# Vector Proof

## Homework Statement

Prove that sum of the cosines squared of the angles between a vector and the x, y, and z axes equals 1. Prove using either geometry or vector algebra.

## Homework Equations

$cos^2(\theta_x)+cos^2(\theta_y)+cos^2(\theta_z)=1$

## The Attempt at a Solution

I started by trying to pull out the angles with
$\cos^{-1}$
Getting
$\theta_x+\theta_y+\theta_z=0+2k\pi$
(Edit: This is no longer valid)
This doesn't make sense to me since I know that the maximum sum of the angles can only be around 180 degrees (I think). So I thought maybe the geometric approach would have something to do with triangles. But I don't know how to show that analytically.
(Edit: Still clueless)

I'm also lost on how to start with the vector algebra. I'm looking over the identities of vectors now but to no avail.

Thoughts?

Last edited:

Chestermiller
Mentor
Are you sure the problem doesn't say the sum of the squares of the cosines?

Aaaah, edited :D

Edit: I sort of haven't looked at the book in a while and have been banging my head so hard I must have forgotten that important part :D

Hmm, so let's see, if there's 3 triangles between the vector and the axes, you can use Pythagorean theorem to get the cosine squared of each component right?

Chestermiller
Mentor
Hmm, so let's see, if there's 3 triangles between the vector and the axes, you can use Pythagorean theorem to get the cosine squared of each component right?
I don't quite follow.
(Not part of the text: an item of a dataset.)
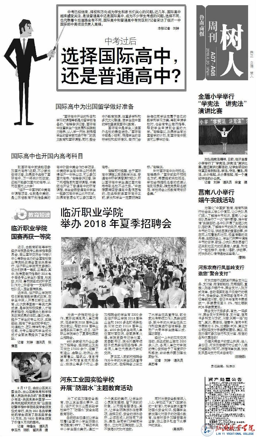 鲁南商报:临沂职业学院举办2018年夏季招聘会
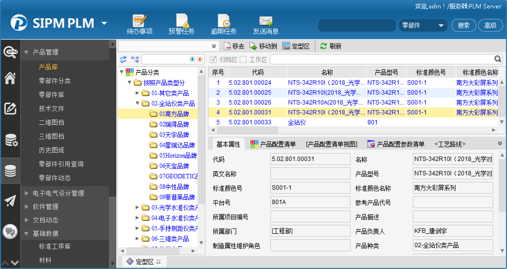 4) 通过采用设计软件与PLM系统集成,设计人员只需在统一制定的设计软件模板中完成设计,便可通过接口将设计的图纸上传到PLM系统。整套产品设计软件图纸进入SIPM/PLM中时可直接提取生成树状产品BOM,图纸修改后,对应零部件的信息自动同步更新,保证数据一致性,并且经过系统流程签审后,会生成签字版PDF图纸文件;

Provide more details, please (in the form of equations).

Chet

What I'm saying is if you treat the components of the vector in relation to each axis, you can break the components into $A cos(\theta_x), A cos(\theta_y), A cos(\theta_z)$ right? That's how you would relate the vectors position in relation to the axes to cosine?

Chestermiller
Mentor
What I'm saying is if you treat the components of the vector in relation to each axis, you can break the components into $A cos(\theta_x), A cos(\theta_y), A cos(\theta_z)$ right? That's how you would relate the vectors position in relation to the axes to cosine?
Good so far. what next?

Chet

Can I imagine that this is 2 dimensional instead of 3 and put the vector on a 2D plane to use pythagorean theorem to get them to be squared?
$c^2=A^2 cos^2(\theta_x)+A^2 cos^2(\theta_y)$

That's how I was visualizing earlier too it, but it gets rid of the z component, so I'm not sure how I can bring the z axis back into the equation.

Chestermiller
Mentor
Can I imagine that this is 2 dimensional instead of 3 and put the vector on a 2D plane to use pythagorean theorem to get them to be squared?
$c^2=A^2 cos^2(\theta_x)+A^2 cos^2(\theta_y)$

That's how I was visualizing earlier too it, but it gets rid of the z component, so I'm not sure how I can bring the z axis back into the equation.
The left side of this equation should be A2. Does this give you a hint as to what to do in 3D?

Chet

The Pythagorean identity for 3D vectors is $A^2 = A_x^2+A_y^2+A_z^2$ but I didn't think it would be that easy that I could just use that willy nilly for this problem. But it makes sense. So:

$A^2 = A^2 cos^2(\theta_x)+A^2 cos^2(\theta_y)+A^2cos^2(\theta_z)$

Divide by $A^2$

Aaaaand finished.

Still not sure why I didn't get that originally.